**EXERCISE MATERIALS:**
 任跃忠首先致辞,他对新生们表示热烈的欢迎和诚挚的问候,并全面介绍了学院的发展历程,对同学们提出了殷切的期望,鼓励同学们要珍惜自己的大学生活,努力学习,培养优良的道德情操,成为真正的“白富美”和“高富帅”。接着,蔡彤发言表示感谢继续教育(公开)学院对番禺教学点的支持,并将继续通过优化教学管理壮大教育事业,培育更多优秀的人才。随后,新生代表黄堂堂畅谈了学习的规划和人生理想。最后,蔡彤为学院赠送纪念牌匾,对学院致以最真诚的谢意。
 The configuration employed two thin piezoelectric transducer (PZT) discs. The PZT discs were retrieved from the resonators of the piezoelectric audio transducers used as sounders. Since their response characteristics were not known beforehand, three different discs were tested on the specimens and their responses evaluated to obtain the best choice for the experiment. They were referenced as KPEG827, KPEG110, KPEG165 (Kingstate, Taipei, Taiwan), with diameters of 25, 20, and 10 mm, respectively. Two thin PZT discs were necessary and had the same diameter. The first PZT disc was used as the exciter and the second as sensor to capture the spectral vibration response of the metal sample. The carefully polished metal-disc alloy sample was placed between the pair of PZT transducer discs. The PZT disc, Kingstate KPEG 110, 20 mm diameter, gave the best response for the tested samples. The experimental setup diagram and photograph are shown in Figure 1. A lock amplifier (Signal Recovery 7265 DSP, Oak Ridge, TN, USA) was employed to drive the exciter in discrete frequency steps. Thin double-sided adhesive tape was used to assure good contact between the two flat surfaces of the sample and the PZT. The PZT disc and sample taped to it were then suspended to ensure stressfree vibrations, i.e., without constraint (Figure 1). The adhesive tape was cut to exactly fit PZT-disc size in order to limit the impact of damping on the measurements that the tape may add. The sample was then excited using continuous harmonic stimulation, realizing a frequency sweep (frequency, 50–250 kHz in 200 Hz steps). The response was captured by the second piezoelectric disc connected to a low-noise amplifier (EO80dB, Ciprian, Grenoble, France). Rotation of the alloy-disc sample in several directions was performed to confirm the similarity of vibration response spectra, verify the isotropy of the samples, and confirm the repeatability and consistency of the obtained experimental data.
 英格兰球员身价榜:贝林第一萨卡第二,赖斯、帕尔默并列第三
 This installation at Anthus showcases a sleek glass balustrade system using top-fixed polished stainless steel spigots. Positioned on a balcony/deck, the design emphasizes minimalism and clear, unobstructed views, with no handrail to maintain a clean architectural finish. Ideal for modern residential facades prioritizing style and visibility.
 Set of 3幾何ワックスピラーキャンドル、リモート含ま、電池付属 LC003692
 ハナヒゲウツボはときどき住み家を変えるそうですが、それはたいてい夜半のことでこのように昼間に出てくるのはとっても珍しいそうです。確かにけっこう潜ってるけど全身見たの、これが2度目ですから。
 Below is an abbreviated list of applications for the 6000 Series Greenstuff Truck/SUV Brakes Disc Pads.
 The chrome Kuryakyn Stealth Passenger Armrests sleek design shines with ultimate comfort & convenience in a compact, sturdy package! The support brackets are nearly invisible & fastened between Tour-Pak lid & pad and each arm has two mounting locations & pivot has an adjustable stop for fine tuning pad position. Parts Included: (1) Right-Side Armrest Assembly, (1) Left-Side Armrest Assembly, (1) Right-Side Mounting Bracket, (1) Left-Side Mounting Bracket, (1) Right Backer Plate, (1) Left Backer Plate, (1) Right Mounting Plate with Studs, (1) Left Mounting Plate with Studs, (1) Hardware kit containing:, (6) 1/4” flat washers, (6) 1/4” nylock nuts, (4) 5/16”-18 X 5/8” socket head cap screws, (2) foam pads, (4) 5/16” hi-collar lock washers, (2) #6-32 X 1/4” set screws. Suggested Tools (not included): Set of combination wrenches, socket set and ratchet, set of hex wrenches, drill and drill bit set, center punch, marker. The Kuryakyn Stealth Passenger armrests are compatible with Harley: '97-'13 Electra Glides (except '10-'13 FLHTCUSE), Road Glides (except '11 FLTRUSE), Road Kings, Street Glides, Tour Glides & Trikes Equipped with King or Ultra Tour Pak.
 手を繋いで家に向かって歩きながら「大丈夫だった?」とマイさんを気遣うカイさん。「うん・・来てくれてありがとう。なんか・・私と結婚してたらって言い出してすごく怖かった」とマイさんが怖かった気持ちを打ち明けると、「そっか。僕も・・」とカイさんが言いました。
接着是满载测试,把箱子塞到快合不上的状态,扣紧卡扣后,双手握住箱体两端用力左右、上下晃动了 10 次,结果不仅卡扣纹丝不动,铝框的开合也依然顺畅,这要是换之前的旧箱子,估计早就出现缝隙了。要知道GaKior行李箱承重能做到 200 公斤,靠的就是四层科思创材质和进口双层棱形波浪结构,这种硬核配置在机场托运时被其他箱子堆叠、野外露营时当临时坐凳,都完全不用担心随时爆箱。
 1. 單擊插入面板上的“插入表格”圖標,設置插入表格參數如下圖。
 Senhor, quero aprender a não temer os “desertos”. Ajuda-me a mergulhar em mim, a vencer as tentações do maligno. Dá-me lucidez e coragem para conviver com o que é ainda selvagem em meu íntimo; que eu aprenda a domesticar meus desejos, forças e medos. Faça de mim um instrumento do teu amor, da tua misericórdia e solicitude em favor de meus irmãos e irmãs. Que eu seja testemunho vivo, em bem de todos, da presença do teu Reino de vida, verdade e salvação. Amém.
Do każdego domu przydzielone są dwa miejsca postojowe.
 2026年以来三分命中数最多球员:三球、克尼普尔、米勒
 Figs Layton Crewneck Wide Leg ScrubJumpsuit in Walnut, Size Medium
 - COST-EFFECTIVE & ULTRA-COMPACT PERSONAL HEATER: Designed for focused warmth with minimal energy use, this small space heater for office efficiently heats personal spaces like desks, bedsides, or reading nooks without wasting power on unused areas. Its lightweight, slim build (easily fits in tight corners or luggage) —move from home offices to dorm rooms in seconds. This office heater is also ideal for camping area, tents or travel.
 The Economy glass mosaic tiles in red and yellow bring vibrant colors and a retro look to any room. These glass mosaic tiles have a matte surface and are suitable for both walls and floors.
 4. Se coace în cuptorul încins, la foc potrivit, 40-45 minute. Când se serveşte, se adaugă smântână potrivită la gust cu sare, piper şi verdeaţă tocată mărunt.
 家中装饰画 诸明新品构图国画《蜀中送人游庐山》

**EXERCISE OBJECTIVE:** All of the data, from the first line to the last, should be written out exactly.

**RESPONSE TO THE TASK:**
 任跃忠首先致辞,他对新生们表示热烈的欢迎和诚挚的问候,并全面介绍了学院的发展历程,对同学们提出了殷切的期望,鼓励同学们要珍惜自己的大学生活,努力学习,培养优良的道德情操,成为真正的“白富美”和“高富帅”。接着,蔡彤发言表示感谢继续教育(公开)学院对番禺教学点的支持,并将继续通过优化教学管理壮大教育事业,培育更多优秀的人才。随后,新生代表黄堂堂畅谈了学习的规划和人生理想。最后,蔡彤为学院赠送纪念牌匾,对学院致以最真诚的谢意。
 The configuration employed two thin piezoelectric transducer (PZT) discs. The PZT discs were retrieved from the resonators of the piezoelectric audio transducers used as sounders. Since their response characteristics were not known beforehand, three different discs were tested on the specimens and their responses evaluated to obtain the best choice for the experiment. They were referenced as KPEG827, KPEG110, KPEG165 (Kingstate, Taipei, Taiwan), with diameters of 25, 20, and 10 mm, respectively. Two thin PZT discs were necessary and had the same diameter. The first PZT disc was used as the exciter and the second as sensor to capture the spectral vibration response of the metal sample. The carefully polished metal-disc alloy sample was placed between the pair of PZT transducer discs. The PZT disc, Kingstate KPEG 110, 20 mm diameter, gave the best response for the tested samples. The experimental setup diagram and photograph are shown in Figure 1. A lock amplifier (Signal Recovery 7265 DSP, Oak Ridge, TN, USA) was employed to drive the exciter in discrete frequency steps. Thin double-sided adhesive tape was used to assure good contact between the two flat surfaces of the sample and the PZT. The PZT disc and sample taped to it were then suspended to ensure stressfree vibrations, i.e., without constraint (Figure 1). The adhesive tape was cut to exactly fit PZT-disc size in order to limit the impact of damping on the measurements that the tape may add. The sample was then excited using continuous harmonic stimulation, realizing a frequency sweep (frequency, 50–250 kHz in 200 Hz steps). The response was captured by the second piezoelectric disc connected to a low-noise amplifier (EO80dB, Ciprian, Grenoble, France). Rotation of the alloy-disc sample in several directions was performed to confirm the similarity of vibration response spectra, verify the isotropy of the samples, and confirm the repeatability and consistency of the obtained experimental data.
 英格兰球员身价榜:贝林第一萨卡第二,赖斯、帕尔默并列第三
 This installation at Anthus showcases a sleek glass balustrade system using top-fixed polished stainless steel spigots. Positioned on a balcony/deck, the design emphasizes minimalism and clear, unobstructed views, with no handrail to maintain a clean architectural finish. Ideal for modern residential facades prioritizing style and visibility.
 Set of 3幾何ワックスピラーキャンドル、リモート含ま、電池付属 LC003692
 ハナヒゲウツボはときどき住み家を変えるそうですが、それはたいてい夜半のことでこのように昼間に出てくるのはとっても珍しいそうです。確かにけっこう潜ってるけど全身見たの、これが2度目ですから。
 Below is an abbreviated list of applications for the 6000 Series Greenstuff Truck/SUV Brakes Disc Pads.
 The chrome Kuryakyn Stealth Passenger Armrests sleek design shines with ultimate comfort & convenience in a compact, sturdy package! The support brackets are nearly invisible & fastened between Tour-Pak lid & pad and each arm has two mounting locations & pivot has an adjustable stop for fine tuning pad position. Parts Included: (1) Right-Side Armrest Assembly, (1) Left-Side Armrest Assembly, (1) Right-Side Mounting Bracket, (1) Left-Side Mounting Bracket, (1) Right Backer Plate, (1) Left Backer Plate, (1) Right Mounting Plate with Studs, (1) Left Mounting Plate with Studs, (1) Hardware kit containing:, (6) 1/4” flat washers, (6) 1/4” nylock nuts, (4) 5/16”-18 X 5/8” socket head cap screws, (2) foam pads, (4) 5/16” hi-collar lock washers, (2) #6-32 X 1/4” set screws. Suggested Tools (not included): Set of combination wrenches, socket set and ratchet, set of hex wrenches, drill and drill bit set, center punch, marker. The Kuryakyn Stealth Passenger armrests are compatible with Harley: '97-'13 Electra Glides (except '10-'13 FLHTCUSE), Road Glides (except '11 FLTRUSE), Road Kings, Street Glides, Tour Glides & Trikes Equipped with King or Ultra Tour Pak.
 手を繋いで家に向かって歩きながら「大丈夫だった?」とマイさんを気遣うカイさん。「うん・・来てくれてありがとう。なんか・・私と結婚してたらって言い出してすごく怖かった」とマイさんが怖かった気持ちを打ち明けると、「そっか。僕も・・」とカイさんが言いました。
接着是满载测试,把箱子塞到快合不上的状态,扣紧卡扣后,双手握住箱体两端用力左右、上下晃动了 10 次,结果不仅卡扣纹丝不动,铝框的开合也依然顺畅,这要是换之前的旧箱子,估计早就出现缝隙了。要知道GaKior行李箱承重能做到 200 公斤,靠的就是四层科思创材质和进口双层棱形波浪结构,这种硬核配置在机场托运时被其他箱子堆叠、野外露营时当临时坐凳,都完全不用担心随时爆箱。
 1. 單擊插入面板上的“插入表格”圖標,設置插入表格參數如下圖。
 Senhor, quero aprender a não temer os “desertos”. Ajuda-me a mergulhar em mim, a vencer as tentações do maligno. Dá-me lucidez e coragem para conviver com o que é ainda selvagem em meu íntimo; que eu aprenda a domesticar meus desejos, forças e medos. Faça de mim um instrumento do teu amor, da tua misericórdia e solicitude em favor de meus irmãos e irmãs. Que eu seja testemunho vivo, em bem de todos, da presença do teu Reino de vida, verdade e salvação. Amém.
Do każdego domu przydzielone są dwa miejsca postojowe.
 2026年以来三分命中数最多球员:三球、克尼普尔、米勒
 Figs Layton Crewneck Wide Leg ScrubJumpsuit in Walnut, Size Medium
 - COST-EFFECTIVE & ULTRA-COMPACT PERSONAL HEATER: Designed for focused warmth with minimal energy use, this small space heater for office efficiently heats personal spaces like desks, bedsides, or reading nooks without wasting power on unused areas. Its lightweight, slim build (easily fits in tight corners or luggage) —move from home offices to dorm rooms in seconds. This office heater is also ideal for camping area, tents or travel.
 The Economy glass mosaic tiles in red and yellow bring vibrant colors and a retro look to any room. These glass mosaic tiles have a matte surface and are suitable for both walls and floors.
 4. Se coace în cuptorul încins, la foc potrivit, 40-45 minute. Când se serveşte, se adaugă smântână potrivită la gust cu sare, piper şi verdeaţă tocată mărunt.
 家中装饰画 诸明新品构图国画《蜀中送人游庐山》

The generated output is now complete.